My question is, is there a better way/more succinct/best practices way to do this? The files are custom time series data so I can’t download them which makes me think creating a loading script is the wrong approach (although I could be wrong).

Any suggestions are welcomed and much appreciated. Thanks in advance for your help!

Hi! add_item also keeps the items in memory, so the loading script approach is the right one. We plan to add Dataset.from_generator to the API soon to make the dataset loading from a simple generator more convenient.

@mariosasko Thank you for your response. Do you have a reference for creating a loading script that is similar to my usecase outlined initially?

I’m still a bit confused about how to do this properly. Allow me to describe the structure of my data and how I am going about writing the loading script.

I have 4 million data files in pickle format. Each file represents a single example. By going through the datascript documentation (Create a dataset loading script) and following along an example template (datasets/new_dataset_script.py at main · huggingface/datasets · GitHub), it looks to me that instead of having 4 million individual files, one should probably have a single file that contains all 4 million examples. I have done just that, namely looped through all the individual files and written the examples into a single csv file.

I say this as the _generate_examples method yields a generator and it is not clear to me how to yield a generator from millions of individual files. The aggregated single file can be thought of conceptually as a pandas dataframe.

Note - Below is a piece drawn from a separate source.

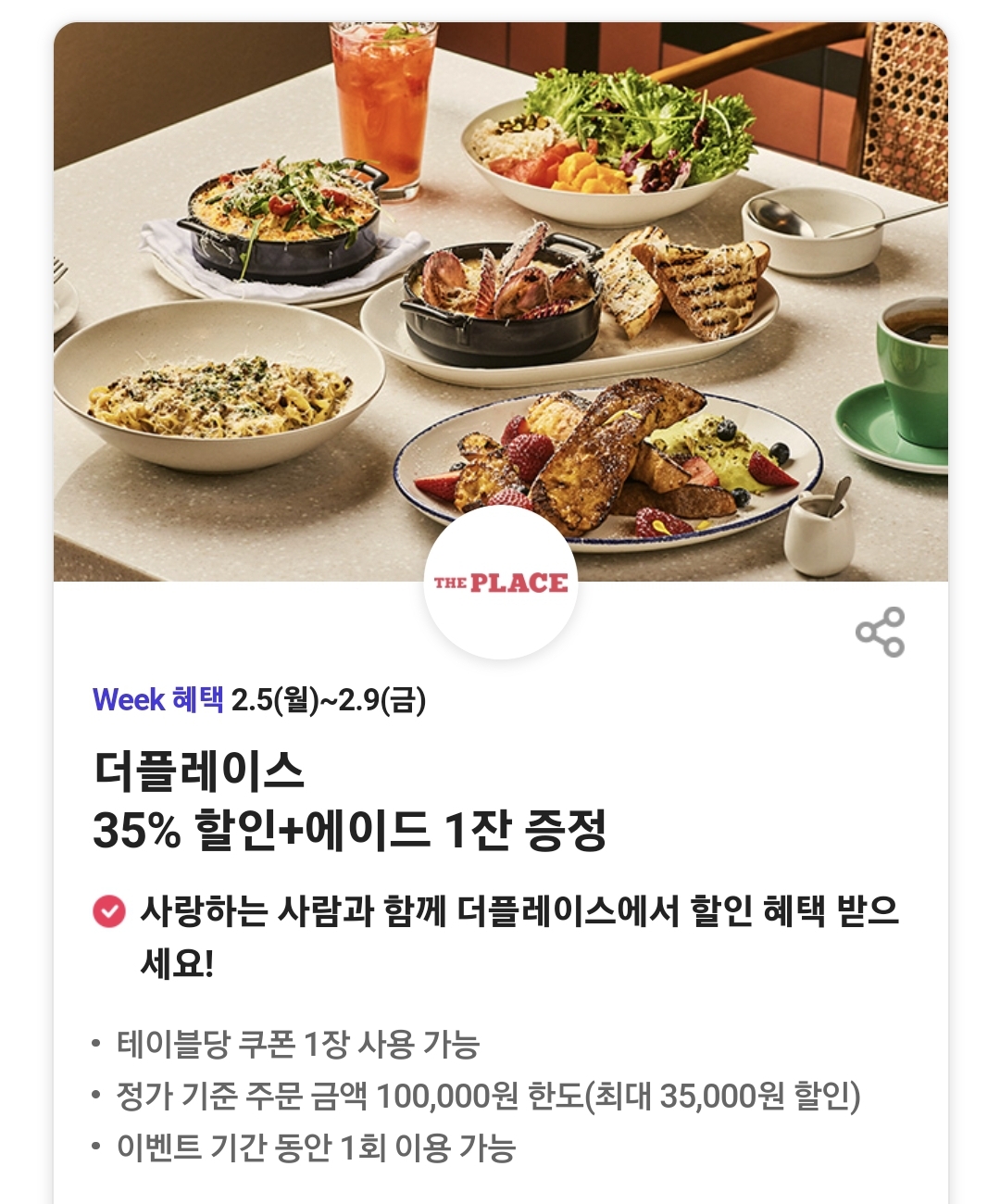 더플레이스 쿠폰 받으시면 35% 할인 + 에이드 1잔 제공됩니다

What I’m confused about is how the HF dataset creation happens. The structure of my data directory is as follows:

project
|---proto_data
    |   my_big_data.csv
    |   proto_data.py

my_big_data.csv is the single large data file mentioned above. proto_data.py is the dataset loading script, shown below:

import csv
import json
import os
import datasets
from datasets import DownloadManager
from typing import List

_DESCRIPTION = 'my dataset loading script'
_URLS = {
    'csv_file': 'path/to/project/proto_data/my_big_data.csv'
}

class ProtoData(datasets.GeneratorBasedBuilder):

    def _info(self):
        features = datasets.Features(
            {
                'from': datasets.Value('string')
            }
        )

        return datasets.DatasetInfo(
            features=features
        )

    def _split_generators(self, dl_manager: DownloadManager) -> List[datasets.SplitGenerator]:
        urls_to_use = _URLS
        downloaded_files = dl_manager.download_and_extract(urls_to_use)
        
        return [
            datasets.SplitGenerator(name=datasets.Split.TRAIN, gen_kwargs={'filepath': downloaded_files['csv_file']})
        ]

    def _generate_examples(self, filepath):
        with open(filepath) as f:
            for key, row in enumerate(f):
                data = csv.reader(f, delimiter=',')
                yield key, {'label': data['from']}

At the begining of the dataset loading script documentation, it states

Any dataset script, for example my_dataset.py, can be placed in a folder or a repository named my_dataset and be loaded

For me, this would look like:

from datasets import load_dataset
load_dataset("path/to/project/proto_data")

While at the end in the Run the tests section, the documentation states

If both tests pass, your dataset was generated correctly!

Naively, I am guessing that running the tests generates the entire dataset in "path/to/project/proto_data" and load_dataset("path/to/project/proto_data") loads the dataset when you are ready to start using it for training or finetuning. Is this correct? Also, is it standard practice to run the tests each time you need to incorporate a change to the dataset loading script (i.e. I add another element to the yielded dictionary like data['feature_A'])?

Thank you in advance for all of your help, I greatly appreciate it!